面倒臭くなり始めた頃、遅まきながらにカ・ガノは思い出したのだった。最前に『下らない』と言って聞き流した、ミオ・トーンライムの目的を。
そして、さらに面倒臭くなった。
「目が見えねんだ。外見の変化なんて分かんねえよ」
「まったく。見違えたの一言で済むというに。これだから男ってヤツは」
ミオ・トーンライムの声ではなく、肉体に耳を傾けた。確かに燭を召喚する前に比べ、骨格にも筋肉にも加齢による軋みが少ない。折れた左腕も寛解している。心音もいくらか躍動的だ。理屈は判然としないが、本当に若返ったのかもしれない。
「ギークにも女心があるとは驚きだ」
「失礼な話だよ」
「頭のてっぺんから足の先までロリータなナリしてんだから、歳なんぞ気にすることじゃねえだろ。

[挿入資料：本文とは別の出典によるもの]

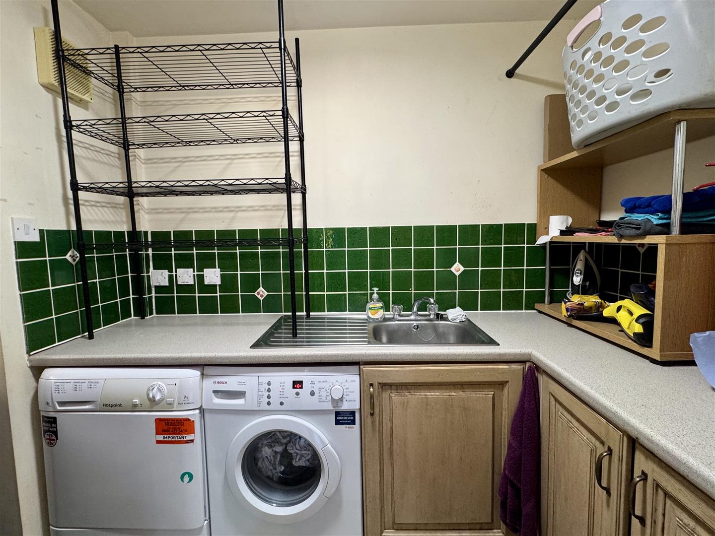 Base units with work surface and tile splash backs over. Single drainer stainless steel sink set into work surface. Plumbing and space for automatic washing machine and tumble dryer. Tiled floor. Panelled radiator. Glazed and panelled door to side elevation.
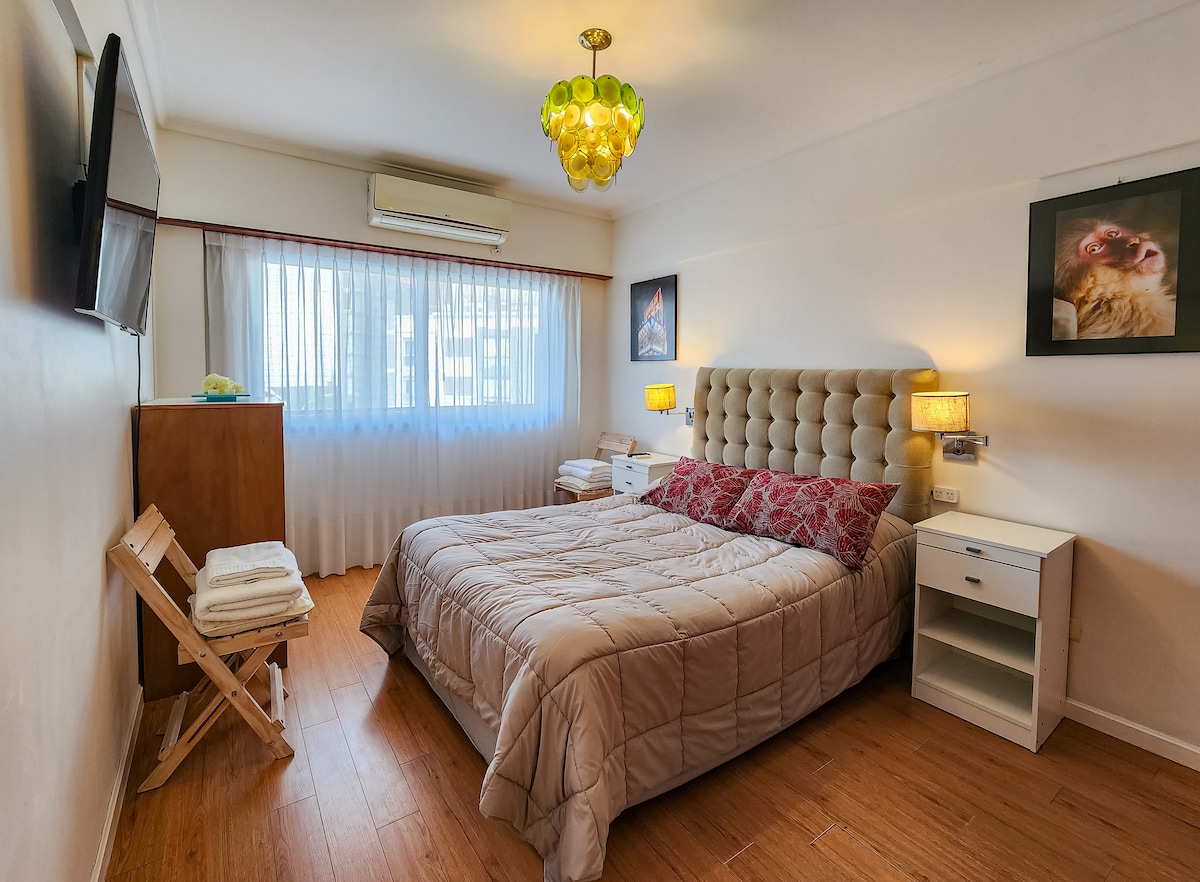 Comfortable and bright apartment overlooking Plaza Mitre. Located one block from Av. Colón and 9 blocks from the city's beaches. All the amenities: balcony, air conditioning, boiler heating, washing machine, iron, dryer, microwave, coffee maker, TV, WIFI. You'll feel super comfortable! Lots of light, great view, everything to make you feel at home. Close to different tourist attractions and shopping malls in the city. The area is safe and with movement throughout the day.
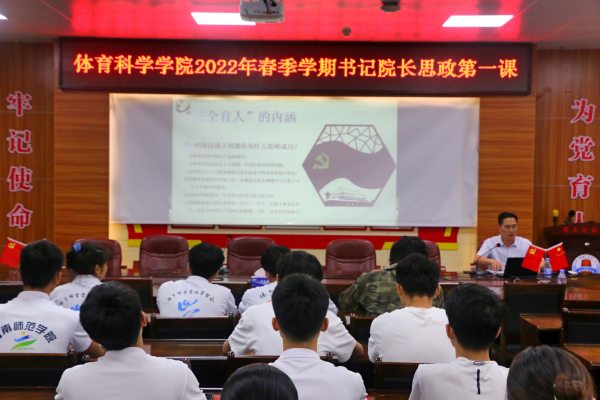 3月21日,体科院在体育馆会议室举行“书记、院长第一堂思政课”。体科院党委庞景才书记、王海涛副院长(主持)分别以“高校三全育人” 和“新时代大学校园体育文化建设中体育专业学生的使命与担当”为主题与体科院全体主要学生干部分享了自己的体会。
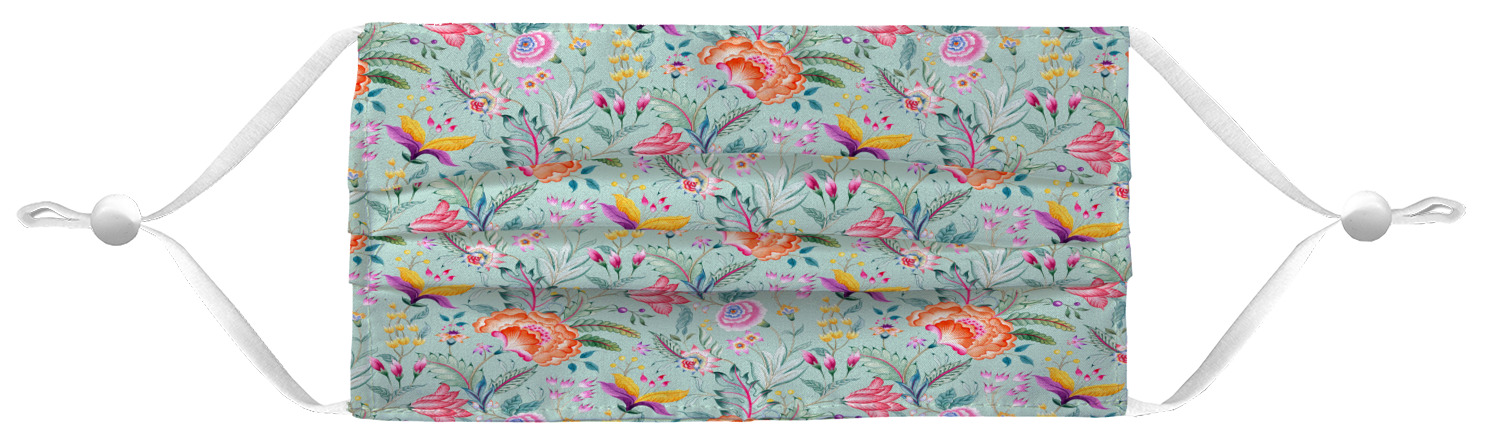 These fun face masks are 7" wide and 3.5" high. They feature pleats, adjustable ear loops, and are made with two layers of fabric. The top layer where your design is printed is a breathable polyester sheeting, while the inside layer is a soft microfiber polyester

老けないにも程があるわ。そもそも、いくつなんだよ」
聞くや否や、ぎしりと場が静まり返った。怒ったというよりも驚いたような顔をするミオ・トーンライム、視線を伏したイトネ、顔を手で隠して「あちゃ」などと漏らすヴァカヂ、三者三様の反応が沈黙を助長する。
静寂の中、ミオ・トーンライムが口火を切った。
「右王、左王。アーマード・コア・モードに移行。ニューローマ制御呪式グノーシス限定解除。有始者、有未始有有始者、有未始有夫未始有有始者――」
鳥居から二対のエターナル・コアが現れ、ミオ・トーンライムを中心とした円軌道を、高速で周回し始めた。
「――道出一原、通九門、散六衢、設於無垓之宇、寂寞以虚無」
ざっとミオ・トーンライムが右手を前に突き出した。腕の動きを追って、エターナル・コアが周回の中心を右の開手に移す。 ざわりと悪寒を覚えた刹那――
「陰陽相薄感而為雷――女に歳を聞くヤツがあるかあ!」
通路いっぱいに溢れたミオ・トーンライムの怒気――永子線バーストに、カ・ガノは瞬く間に飲み込まれた。通路の端から端を隙間なく埋め尽くす熱線によって、衣服が一瞬で蒸発し、プロトファスマの堅固な外皮までもが軽々と炭化した。次々と剥離する皮膚に、再生が追いつかない。GAPが分裂する端から焼け落ちて気化する。
果たして、数秒の照射の後、通路に残ったのは真っ黒に焦げたカ・ガノ独りだった。足下に開いた穴の奥には、慣れ親しんだ音が二つ。いつ避難したのか、いずれにせよイトネもヴァカヂも無事なようだ。ただミオ・トーンライムの気配だけが、忽然と消えている。
「煙草の火要らずだな。次は貸さねえぞ」
言った直後に、カ・ガノはふっと気付いた。先までミオ・トーンライムが立っていた辺りに、何かが落ちている。
四角い。
小さい。
嗚呼と理解して、カ・ガノはそれを拾い上げた。ミオ・トーンライムが好んで飲んでいた煙草だ。まだ数本、残っているようである。
カ・ガノは慣れた手つきで一本だけ引き抜くと、いかにも不味そうに口に咥えた。
そうして緩々と、ニヒルな笑みを浮かべながら、カ・ガノは楼蘭皇国の深淵に姿を消したのだった。